In place of technology addiction, I have compensated with books. Lots of books. Ideas. I spend most of time imbibing ideas and thoughts of great and small men and women in accordance with a Socrates’ maxim to improve myself. I have no crystal-clear recollections of when my love for reading started. Early enough, though, I still recall my father’s countless leftist magazines such as Society, Nairobi Law Monthly (then published by Gitobu Imanyara), and Ngugi’s books: Petals of Blood and I Will Marry When I Want that I struggled to read to fruitless avail.

 Later, in primary school, our father would grow his obsession with buying us English Aid textbooks and storybooks. One English Aid book, I remember, I lost during my brief schooling in Thika. Thereafter, together with Marvin, we would narrate to him the stories to prove we had actually read those books. In class six, he bought me a storybook titled Captured by Raiders (I have forgotten the author) that one of my classmates, Morgan, remained with when we were moving from Kisumu to Kerugoya in 2000. Our family was forever moving because of my father’s job. If it was not Bungoma, it was Thika, Murang’a, Kakamega, Daraja Mbili, Khayega, Kandara, Busia. Even today, my father is always ready.

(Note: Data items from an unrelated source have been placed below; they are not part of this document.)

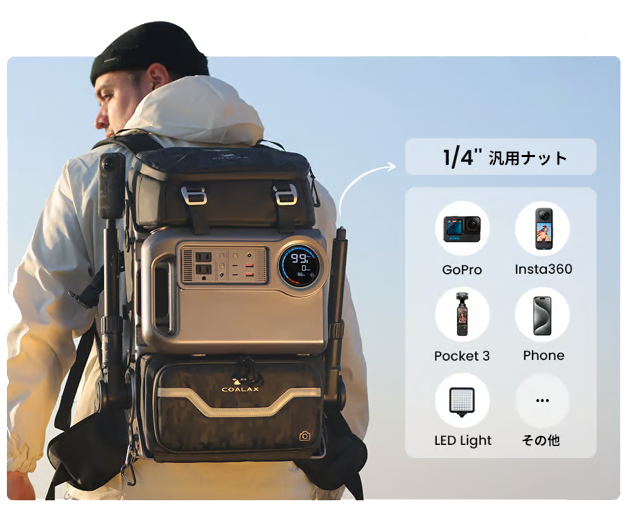 また、万が一の災害時にも頼りになります。災害時には、このポータブル電源をバックパックに取り付けることができます。そうすることで、照明や通信機器など、必要な装備を持ち運ぶことができます。さらに、バックパックの側面に装備を掛けることで、両手を自由に使うことができます。
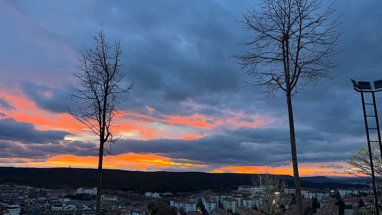 Gün batımı sırasında ortaya çıkan kızıl, turuncu ve mor tonlar, şehrin üzerine yumuşak bir ışık yayarak görsel bir şölen oluşturdu.
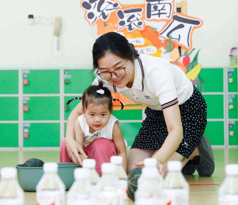 8月16日,在江苏省海安市星禾托育中心高尔夫校区,家长和小朋友在玩“南瓜滚滚”游戏。
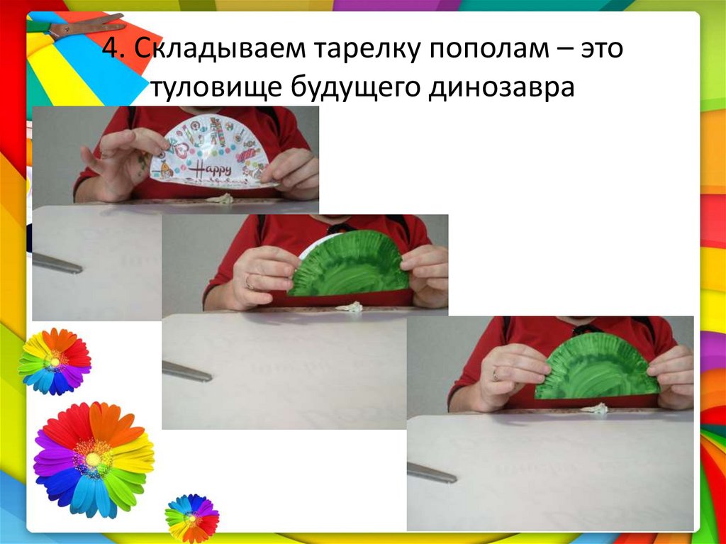 4. Складываем тарелку пополам – этотуловище будущего динозавра
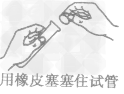 | 容器口塞橡皮塞 | 左手拿容器,右手拿塞子,慢慢轉(zhuǎn)動,塞進容器口。切不可把容器放在桌子上使勁塞進,以免壓碎容器 | ![]() |
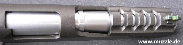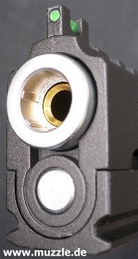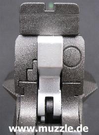 Die “HiCapa” ist mit einer seiten- und höhenverstellbaren Kimme bestückt. Das Korn besteht aus umge-
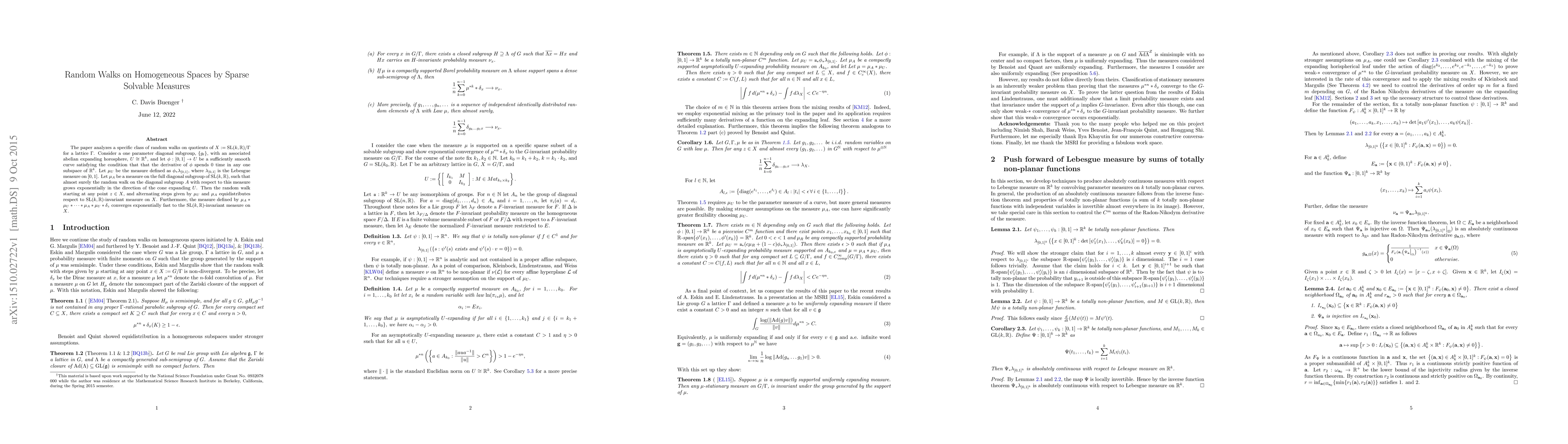 The paper analyzes a specific class of random walks on quotients of $X:=\text{SL}(k,{\Bbb R})/ \Gamma$ for a lattice $\Gamma$. Consider a one parameter diagonal subgroup, $\{g_t\}$, with an associated abelian expanding horosphere, $U\cong {\Bbb R}^k$, and let $\phi:[0,1]\rightarrow U$ be a sufficiently smooth curve satisfying the condition that that the derivative of $\phi$ spends $0$ time in any one subspace of ${\Bbb R}^k$. Let $ \mu_U$ be the measure defined as $\phi_*\lambda_{[0,1]},$ where $\lambda_{[0,1]}$ is the Lebesgue measure on $[0,1]$. Let $\mu_A$ be a measure on the full diagonal subgroup of $\text{SL}(k,{\Bbb R})$, such that almost surely the random walk on the diagonal subgroup $A$ with respect to this measure grows exponentially in the direction of the cone expanding $U$. Then the random walk starting at any point $z\in X$, and alternating steps given by $\mu_U$ and $\mu_A$ equidistributes respect to $\text{SL}(k,{\Bbb R})$-invariant measure on $X$. Furthermore, the measure defined by $\mu_A*\mu_U*\dots*\mu_A* \mu_U*\delta_z$ converges exponentially fast to the $\text{SL}(k,{\Bbb R})$-invariant measure on $X$.
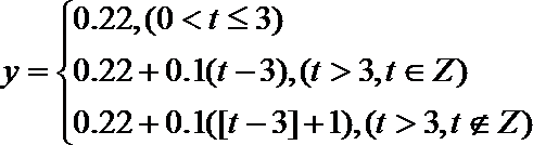 第二步:如果t≤3,那么y = 0.22;否则判断t∈Z 是否成立,若成立执行y= 0.2+0.1× (t-3);否则执行y = 0.2+0.1×( [t-3]+1)。
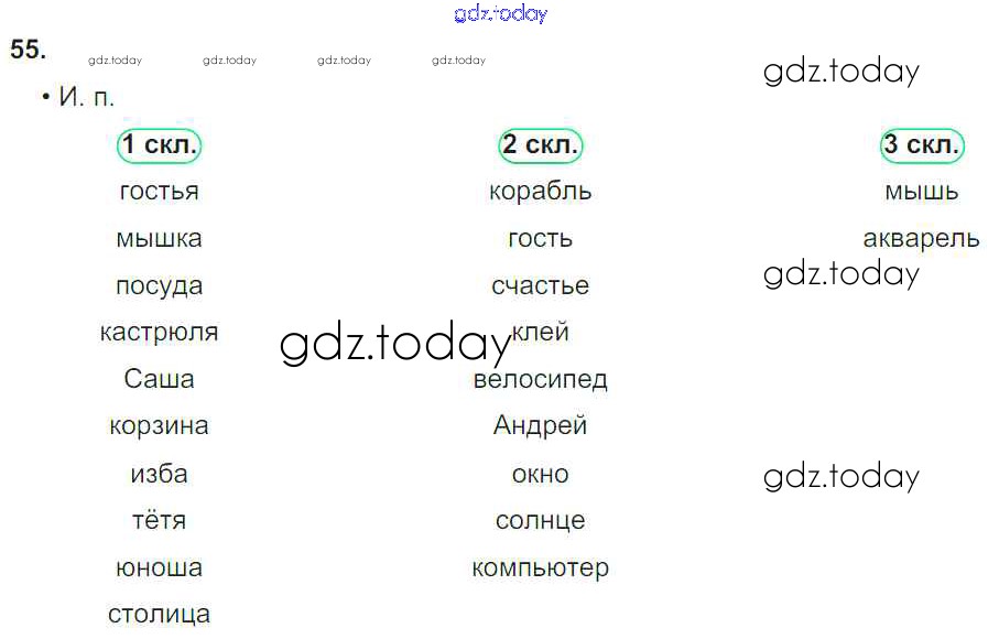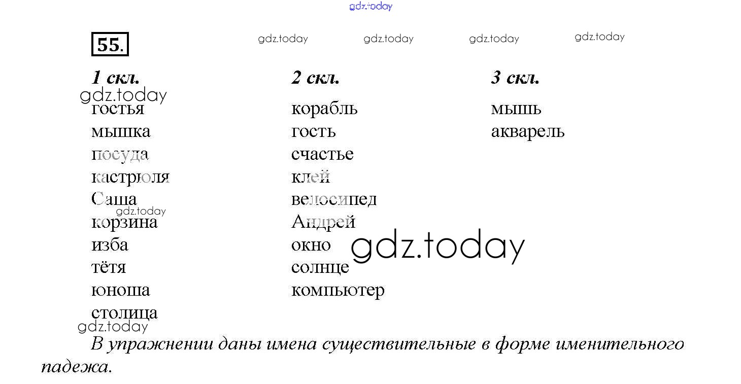 На страницах сайта gdz.today вы найдете учебный и вспомогательный материал, направленный на улучшения знаний школьной программы. ГДЗ - онлайн мир знаний Упражнения Решение к части 2 55 Учебнику по Русскому языку для 4 класса Желтовская, Калинина Аст/Астрель Планета знаний 2013
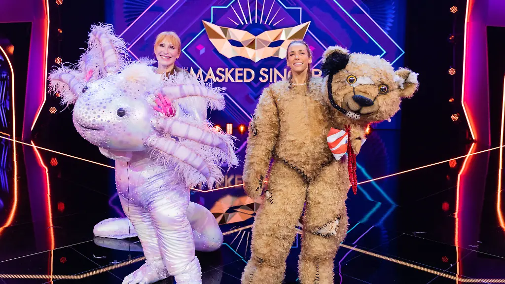 Der Bär tanzt nicht mehr - und der Lurch fällt durch: In der Musik-Rateshow "The Masked Singer" sind mit Schauspielerin Andrea Sawatzki ("Tatort") und Moderatorin Annemarie Carpendale ("taff") gleich zwei Prominente in einer Folge enttarnt worden. Sawatzki steckte im Kostüm eines schillernden Axolotls - auch bekannt als mexikanischer Schwanzlurch. Carpendale zwängte sich am Samstagabend aus einem Teddy-Kostüm. Beide erhielten im Halbfinale der Show zu wenige Stimmen der Zuschauer und mussten ihre Identität preisgeben.
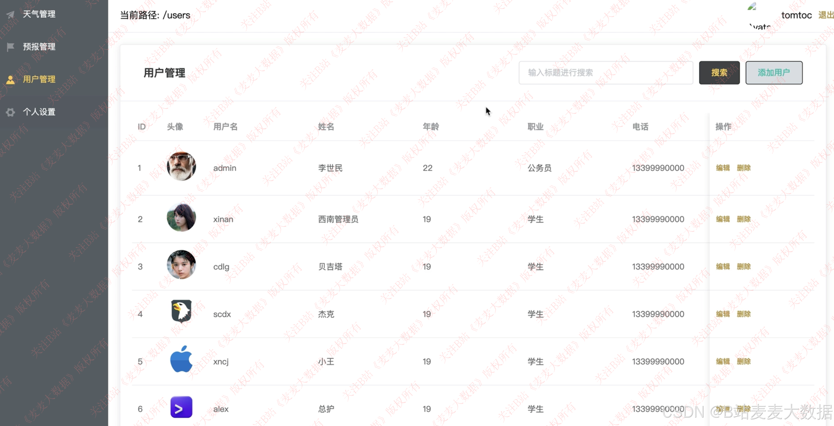 系统提供一个美观、易用的管理端界面,供管理员对系统中的城市信息、用户数据、模型参数、天气数据等进行统一管理。管理端功能包括:
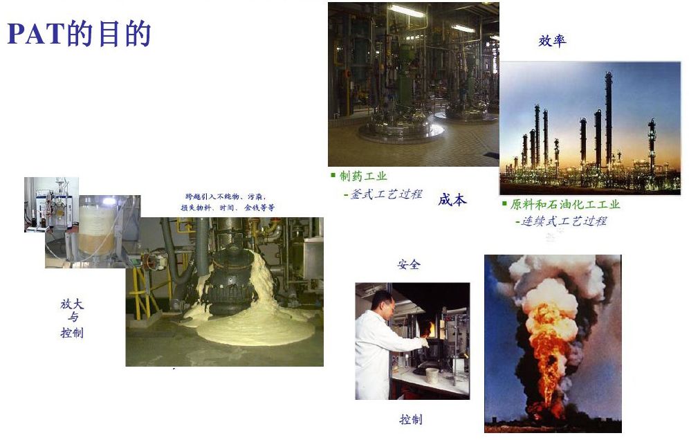 因制藥行業(yè)與其他行業(yè)有很大區(qū)別,所以對(duì)過程控制的要求也與其他行業(yè)不同。PAT提供了從現(xiàn)有的“文件質(zhì)量的檢查”向“持續(xù)的質(zhì)量保證”轉(zhuǎn)移的機(jī)會(huì),它可以改善我們確!皩①|(zhì)量設(shè)計(jì)進(jìn)工藝”或“質(zhì)量來自于設(shè)計(jì)”的能力,這樣才能最終能實(shí)現(xiàn)GMP的真實(shí)的靈魂。通過在工藝過程中實(shí)時(shí)測(cè)量原料,中間產(chǎn)品,在制品以及工藝過程本身關(guān)鍵因素的一套設(shè)計(jì),分析以及生產(chǎn)控制系統(tǒng),其目的是為了保證最終產(chǎn)品質(zhì)量。
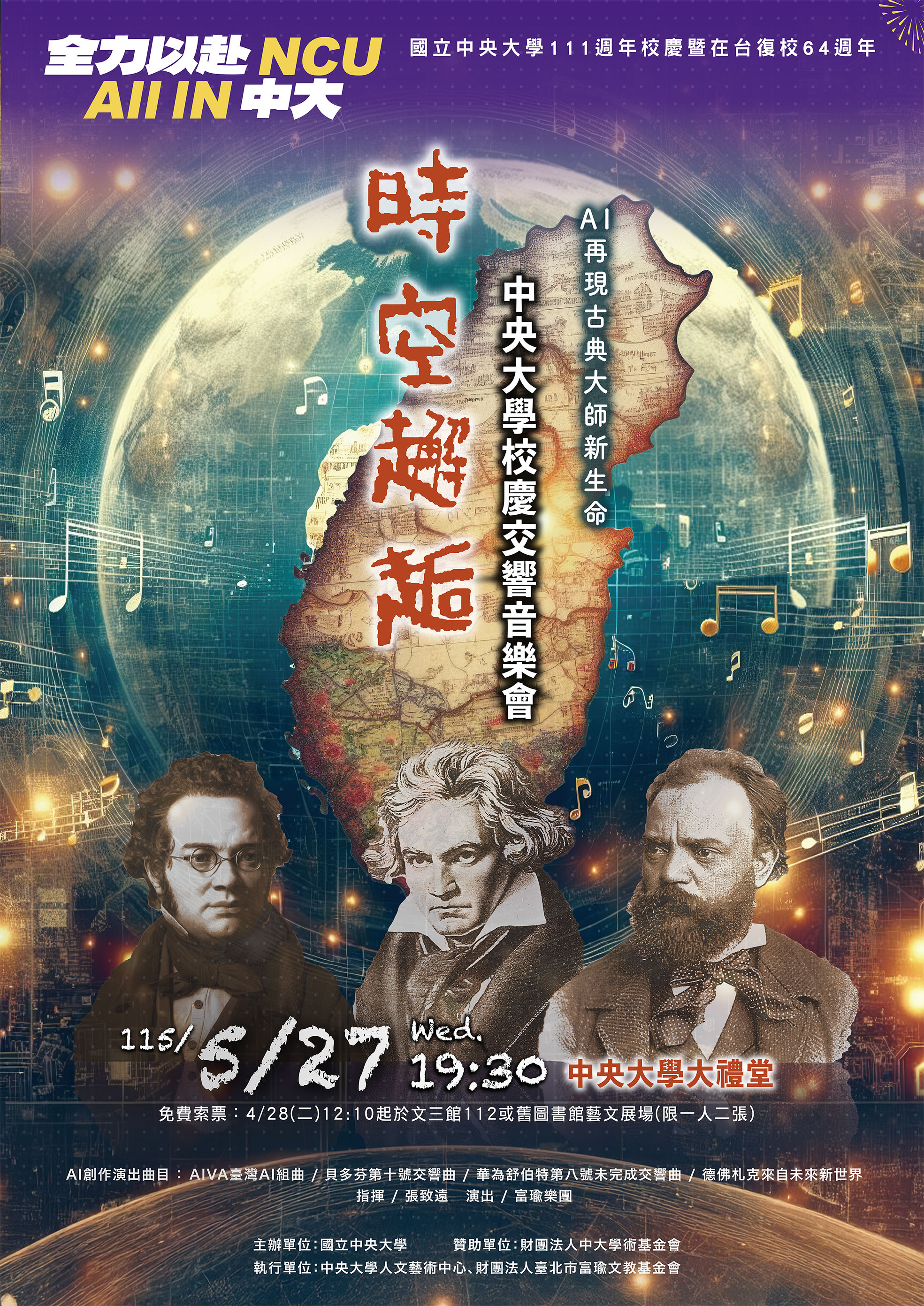 在科技迅速改變世界的時代,人工智慧(AI)正逐漸走入藝術創作的領域,為人類文化帶來嶄新的想像。《時空邂逅》中央大學校慶交響音樂會,正是一場結合古典音樂與人工智慧科技的跨時代藝術實驗。透過AI演算法對音樂語言的深度學習與分析,這場音樂會將帶領觀眾聽見那些原本停留在歷史草稿中的旋律,如何在科技的協助下再次被喚醒。
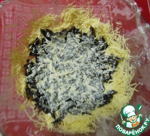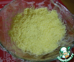 Дно и стенки круглой чаши выложить пищевой плёнкой. Слегка смазать майонезом. Выложить слой натёртого сыра, прижимая немного руками сырный слой.
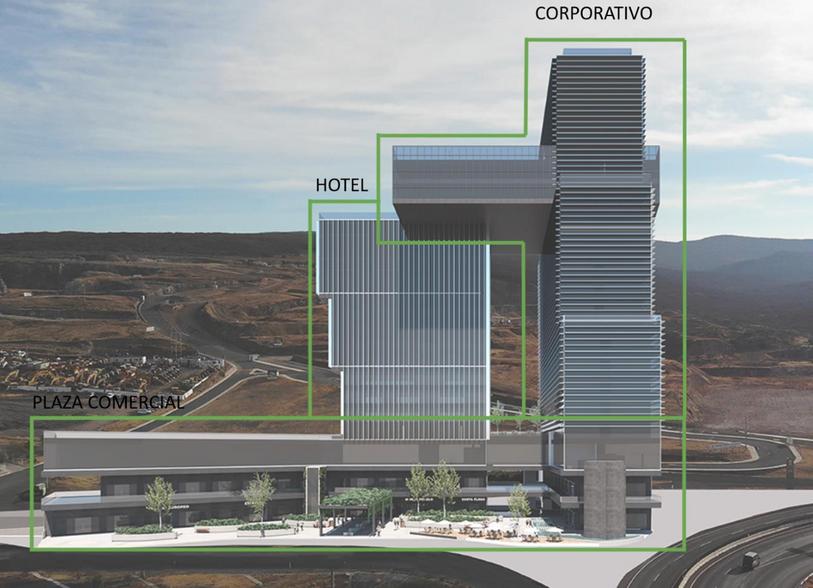 El proyecto se dividió en diferentes áreas, las cuales son: Hotel, Corporativo y Plaza comercial.
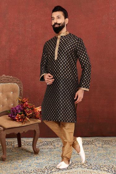 Dhupion Silk Fabric Readymade Kurta Pyjama For Men In Black Color

Anytime he could move. 

Sometimes I wish Marvin would become altruistic and visionary like his former college-mate, Evans Wadongo, who innovated the solar-lamps to light up dark villages in Kenya and Africa. With Computer Science and Mathematics, he does not necessarily have to replicate what Steve Jobs, Wozniak, Bill Gates, or Mark Zuckerberg have done – it would be too much weight to shoulder –unnecessary great expectations. 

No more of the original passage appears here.